> _GIVEN DATA_:
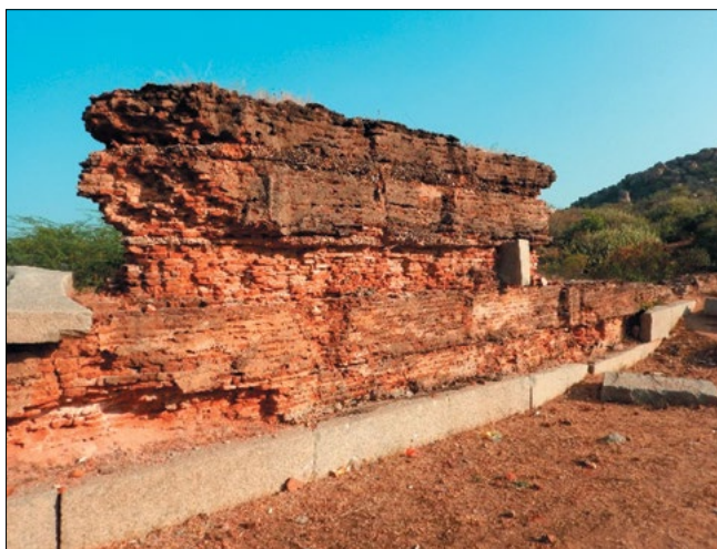
Рис. 2. Место отбора кирпича в индийском штате Карганака. Разрушенная кирпичная кладка возрастом 700 лет

других странах (рис. 2, 3). И если в первоначальных условиях при интенсивной химической коррозии кирпич из «теплых стран» простоял сотни лет, то при испытаниях на морозостойкость изделия разрушались при первых же циклах. В условиях зимы города Ростова-на-Дону, где часты переходы через 0°C, на улице образцы также разрушались достаточно быстро — к весне вместо кирпича на земле оставались лишь осколки. Известно, что керамический кирпич достаточно устойчив к химической коррозии — время тому свидетель, и как результат — огромное количество памятников архитектуры, сохранившихся до наших дней, выполнены из керамического кирпича. Согласно положениям научной литературы по общей или инженерной геологии, где дано описание химического и физического выветривания горных пород, делать вывод, что для нашего климата морозостойкость является второстепенным свойством материалов, весьма смело.
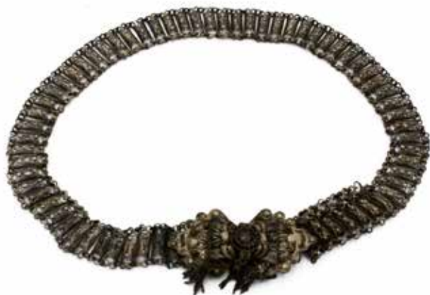
3 CINTURA INDIANA Rame dorato. Secolo XX. Cm 110. Prezzo base d'asta € 80
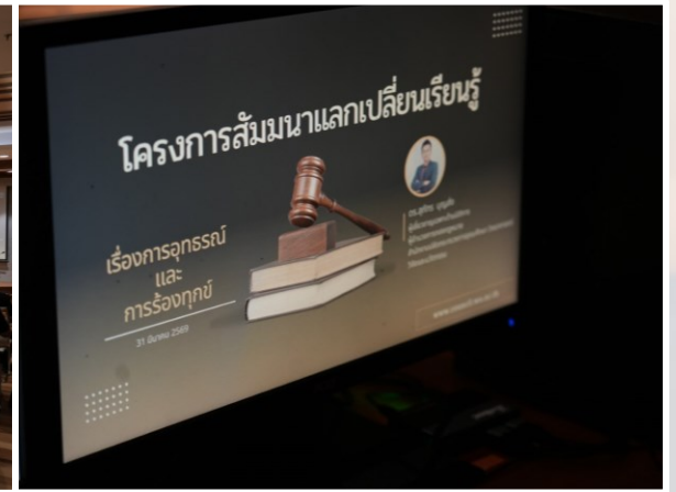
ภาพ กิจกรรมหัวข้อ “โครงการสัมมนาแลกเปลี่ยนเรียนรู้เรื่องการอุทธรณ์และการร้องทุกข์”

> _TASK_:
Reproduce the listing above from the line that contains "3 CINTURA INDIANA" through its final line, exactly and with nothing added. Omit the images.

> _SOLUTION_:
3 CINTURA INDIANA Rame dorato. Secolo XX. Cm 110. Prezzo base d'asta € 80
ภาพ กิจกรรมหัวข้อ “โครงการสัมมนาแลกเปลี่ยนเรียนรู้เรื่องการอุทธรณ์และการร้องทุกข์”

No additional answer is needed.